When you have completed this task, write a report of about 2,500 words which addresses the following issues:

List the SPARQL queries that you wrote, and justify why they are representative.
Execute your queries against your RDF dataset, using a standard SPARQL query engine. Include in your report the result set for each query, limiting the set to no more than 10 results for each query.
Consider whether (and if applicable, how) the results you have obtained could have been extracted from the source dataset using some other programmatic query technique. What benefit, if any, results from the RDF + SPARQL combination?

Marks for (1) and (2) will take into account both the way in which you communicate your understanding of your data and the way in which you demonstrate your undertanding and knowledge of SPARQL.

In addressing issue (3), you may want to consider the benefits of federated query, where you in effect query the result of merging your RDF graph with the graph provided by a 3rd party data set. In practice, it may be infeasible to do this in a way that uses your whole data set, or where the 3rd party data is exposed via a SPARQL endpoint. In this case, you could illustrate your general idea by creating a small 'temporary' data set which combines a sample of your data with a sample of the 3rd party data into a single file.

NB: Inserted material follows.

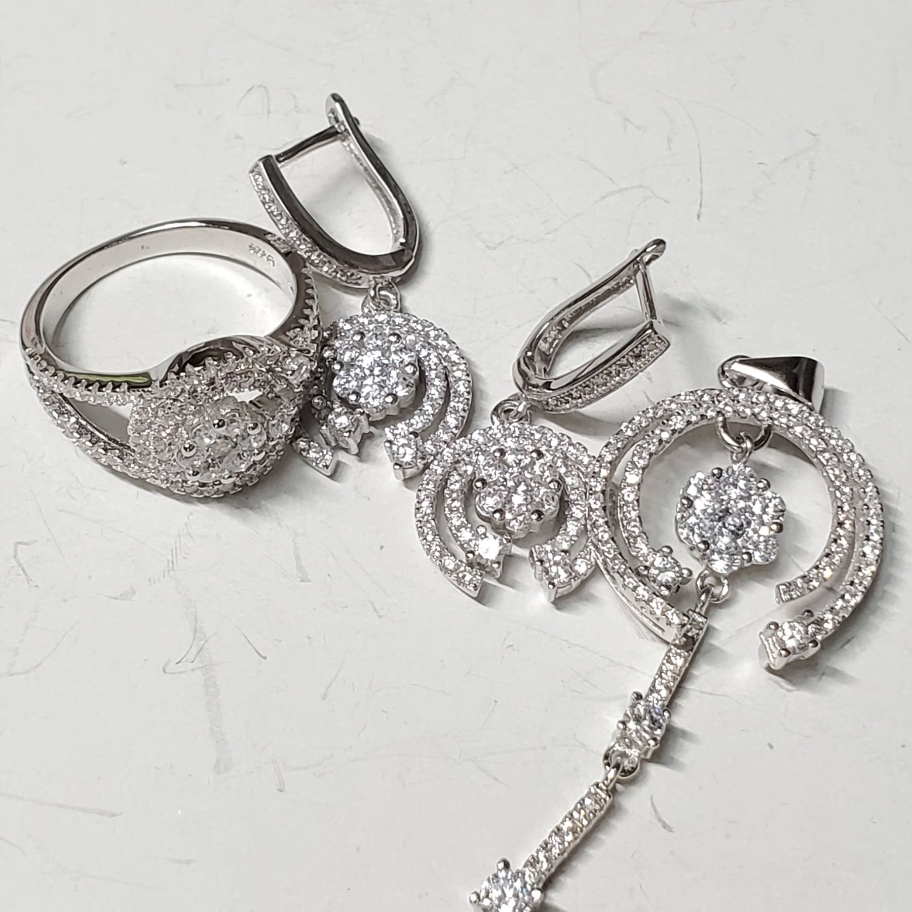 SILVER CUBIC ZIRCONIA EARRING, RING

You should then be able to query this small combined set of data relatively easily.

Submission should be an electronic document in PDF format, submitted via the on-line submit system as follows:

submit masws 2 masws-query.pdf

Deadline	4.00 pm, Friday 8th March
Marks	50

Assignment 3 (MSc only)

This assignment must be carried out on an individual basis; you should not work in a team.

Mike Bergman regularly reviews the tools that support semantic technologies, and has compiled a list of more than 1,000 SW tools that have been developed over the last 5 years.

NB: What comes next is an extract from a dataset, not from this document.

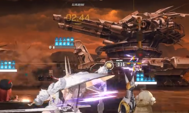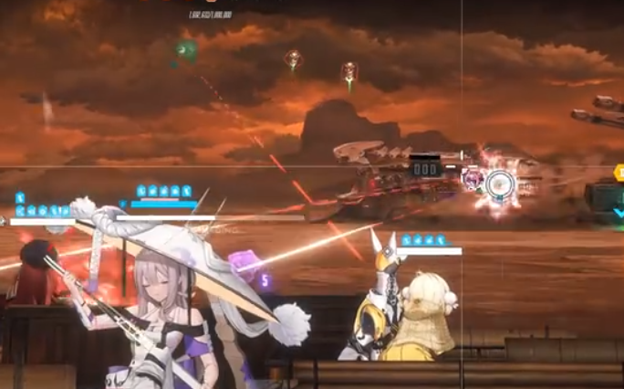 清理完右侧的飞弹堡垒之后,就可以清理左侧的炮塔,把这些全都清理完毕之后,这个角色还会把车头和车身分离,这时候车头也会不断地发射飞弹,玩家需要在这时候操控角色,及时进行对冲攻击,打爆飞弹的同时,还需要寻找间歇攻击对方的弱点,可以寻找一下对手角色身上的红圈,要操控角色集中火力击打红圈,这样就能快速制衡对手。

Choose one of the tools in this list, and critically review it. This should not be a tool that you used in other parts of these assignments. For further context, you might also want to have a look at the following report:

Top 10 Semantic Web Products of 2010

The kinds of questions you should address include:

what problem is the tool intended to address?
how well does it fulfil its intended function?
are there alternative approaches which might do a better job?
how does it fit into the wider picture of semantic technologies?
in what respects is the tool innovative or technically interesting?
what kind of impact does it seem to have had?

Do not just rely on the claims of the tool's designer(s) or on other peoples' views; you should ensure that you try out the tool yourself and use test cases which can probe the strengths and weaknesses of the tool.

You should submit a report of approximately 1,000 words describing the results of your work. Your report should contain enough technical detail that I can understand your topic without going to the source material myself.

Please put your name and matriculation number on the first page.

Submission should be an electronic document in PDF format (not a Microsoft Word document!!!), submitted via the on-line submit system as follows:

submit masws 3 masws-tools.pdf

Warning

It is essential that the report is written in your own words. Any direct copying or paraphrasing of text written by someone else (unless put inside quotation marks with the source cited, so that it is clear that you are quoting) will be treated as plagiarism, and could result in failure or academic discipline proceedings. If you are at all unclear about this, please consult me before submitting the assignment.

Deadline	4.00 pm, Friday 15th March
Marks	10

The MSc marks will be scaled from 110 to 100.